O processo teve início com uma investigação do Ministério Público do Trabalho em 1994 um processo para apurar denúncias feitas pelo Sindicato dos Empregados em Estabelecimentos Bancários de Santa Rosa (RS), que acusava o Bradesco de utilizar funcionários da área administrativa para o transporte de valores. Segundo a apuração do MPT, diariamente, no início e final do expediente, bancários eram desviados do serviço burocrático para levar e buscar dinheiro no Banco do Brasil e para servir clientes preferenciais, utilizando veículo particular, colocando em risco a segurança desses trabalhadores. Em junho de 1995, o Ministério Público propôs ação civil pública na Justiça do Trabalho contra o Bradesco, com pedido de liminar, pleiteando a imediata suspensão do procedimento de transporte de dinheiro por funcionários não capacitados. Apontou ofensa à Lei nº 7.102/83 e ao Decreto nº 89.056/83.

O banco, em sua defesa, alegou que todo empregado encarregado de levar dinheiro era acompanhado por um vigilante treinado, e que os valores transportados nunca ultrapassavam R$ 10 mil. Afirmou que o transporte era limitado à cidade de Santa Rosa, localidade que não dispunha de serviço privado de transporte de valores. Disse também que obedecia às normas regulamentadas pelo Ministério da Justiça. Por fim, argumentou que a segurança de pessoas era obrigação do Estado e que, caso prevalecesse o entendimento do MPT, não poderiam sequer existir bancários, pois estes corriam riscos também dentro dos bancos.
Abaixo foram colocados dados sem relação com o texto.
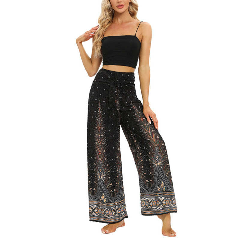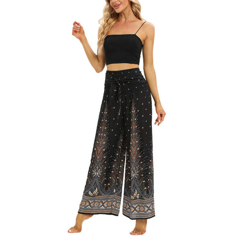 Buddha Stones Boho Peacock Feathers Lace-up Wide Leg Pants Women's Yoga Pants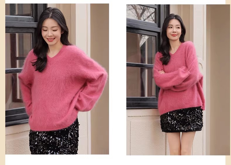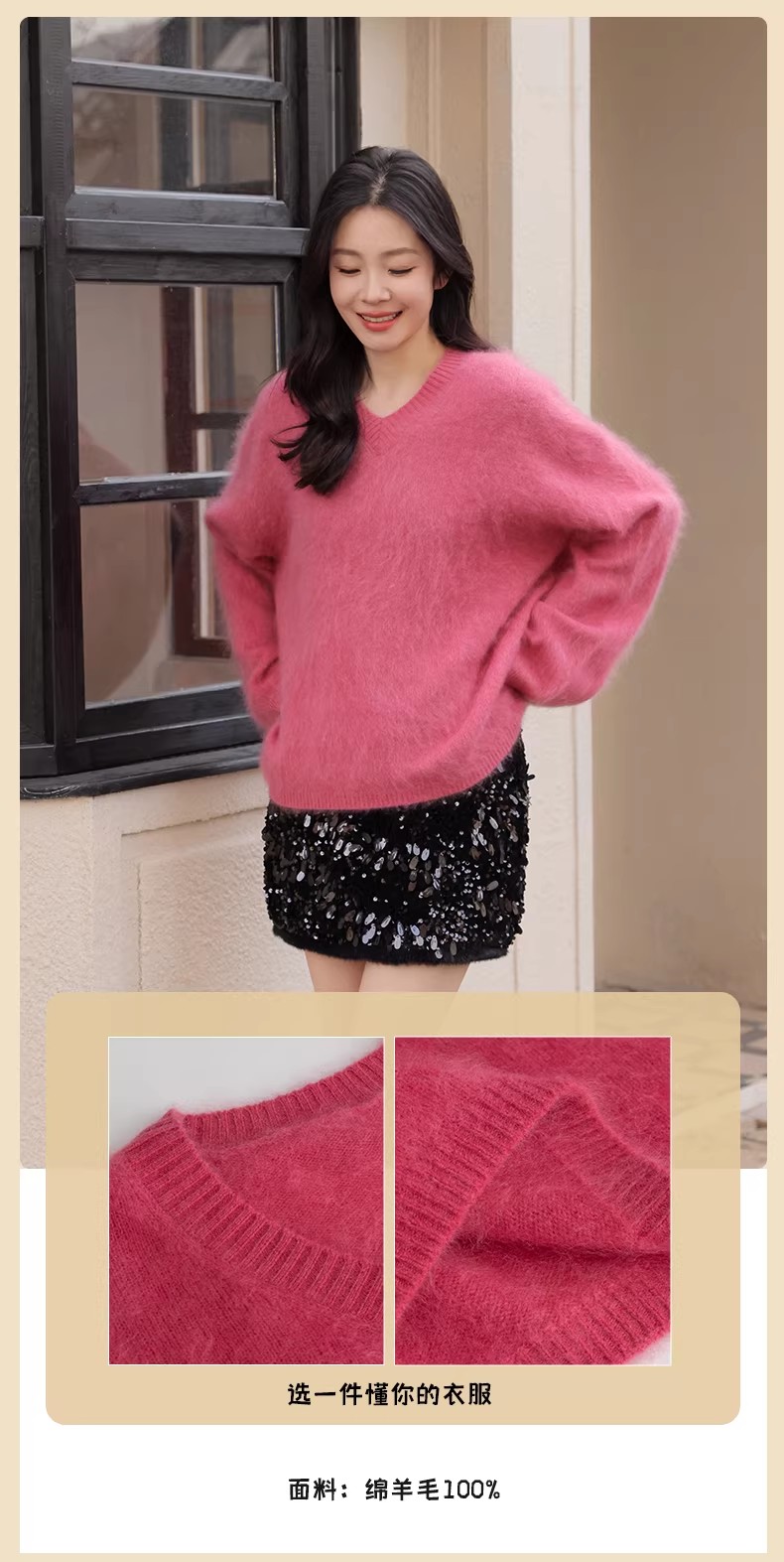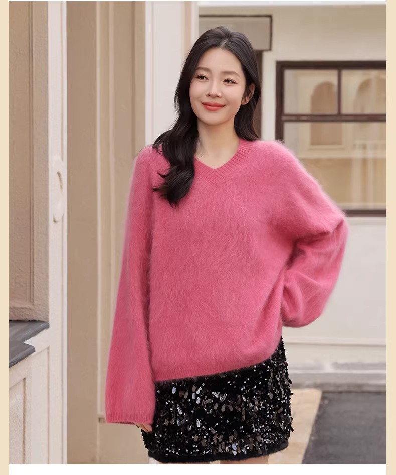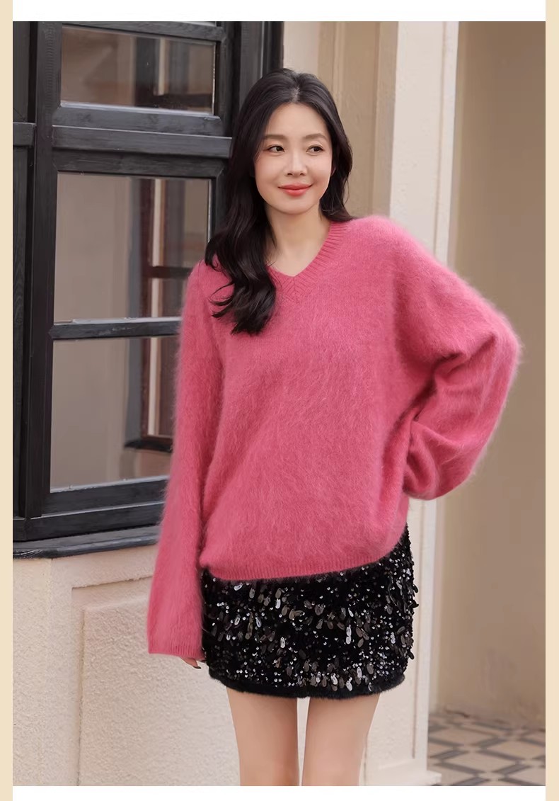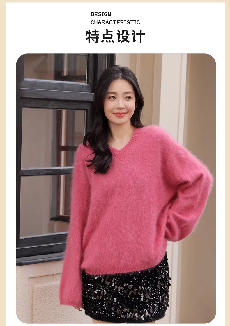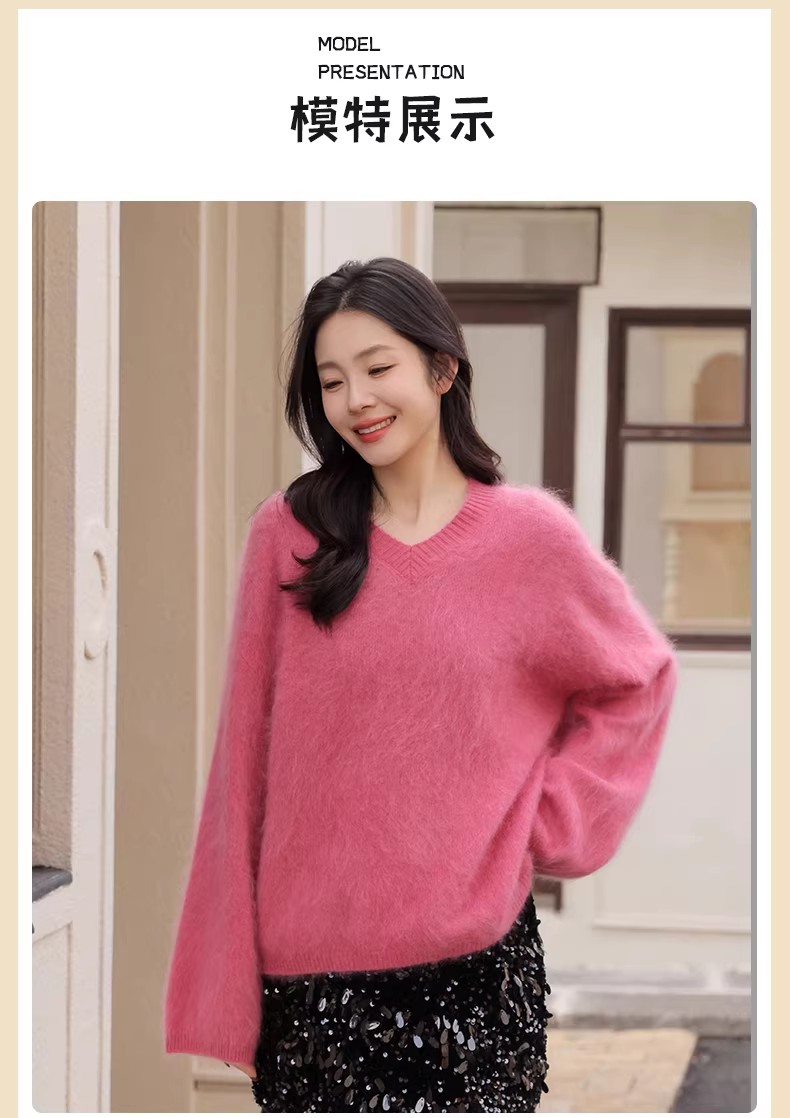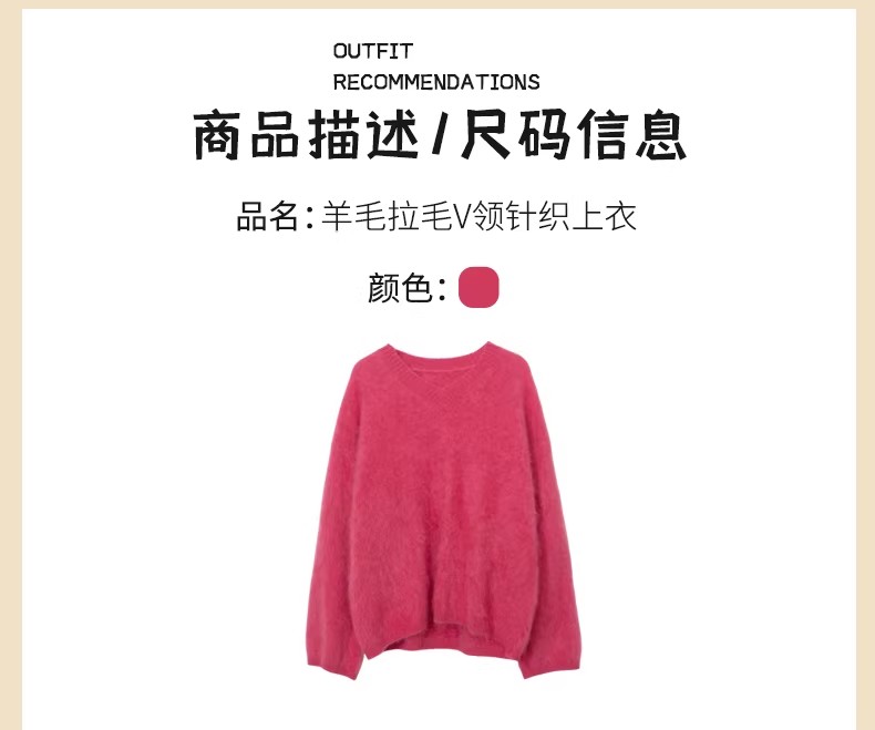 【门店同款】ENJOY冬季“暖冬软糖”羊毛拉毛V领针织上衣 168993288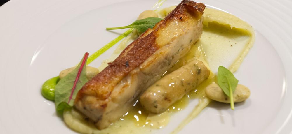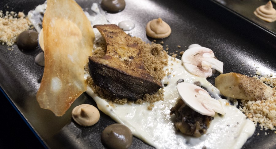 μαγιονέζα τρούφας, κουλί από φουντούκι, γάλα και τερίναφουαγκρά. Ένα πιάτο πολυεπίπεδο και

Concedida a liminar, a ação foi julgada procedente. “O transporte de valores por empregado sem qualificação específica constitui violação da lei e abuso do poder de direção do empregador”, destacou a sentença. O juiz determinou que em todo o território do Rio Grande do Sul o Bradesco se abstivesse de utilizar seus empregados (exceto vigilantes) para transporte de qualquer espécie de valor, estipulando o pagamento de multa diária em caso de descumprimento.

O Bradesco, insatisfeito, recorreu ao TRT/RS, porém não obteve sucesso. O acórdão salientou ser imprescindível treinamento e preparo do empregado para este tipo de serviço. “Exigindo que os funcionários burocráticos efetuem o transporte de valores, o banco está extrapolando os limites contratuais e violando a legislação que regula a matéria”, destacou o acórdão.

No TST, o recurso do Bradesco não foi conhecido. O ministro Lelio Bentes destacou que a decisão do TRT apontou como fundamento de direito o disposto na Lei nº 7.102/93, que atribui o serviço de transporte de valores ao profissional denominado “vigilante”, que, necessariamente, deve ser submetido a curso de formação específico. Tal decisão, segundo o ministro, não viola a Constituição Federal. (RR-697.656/2000.2).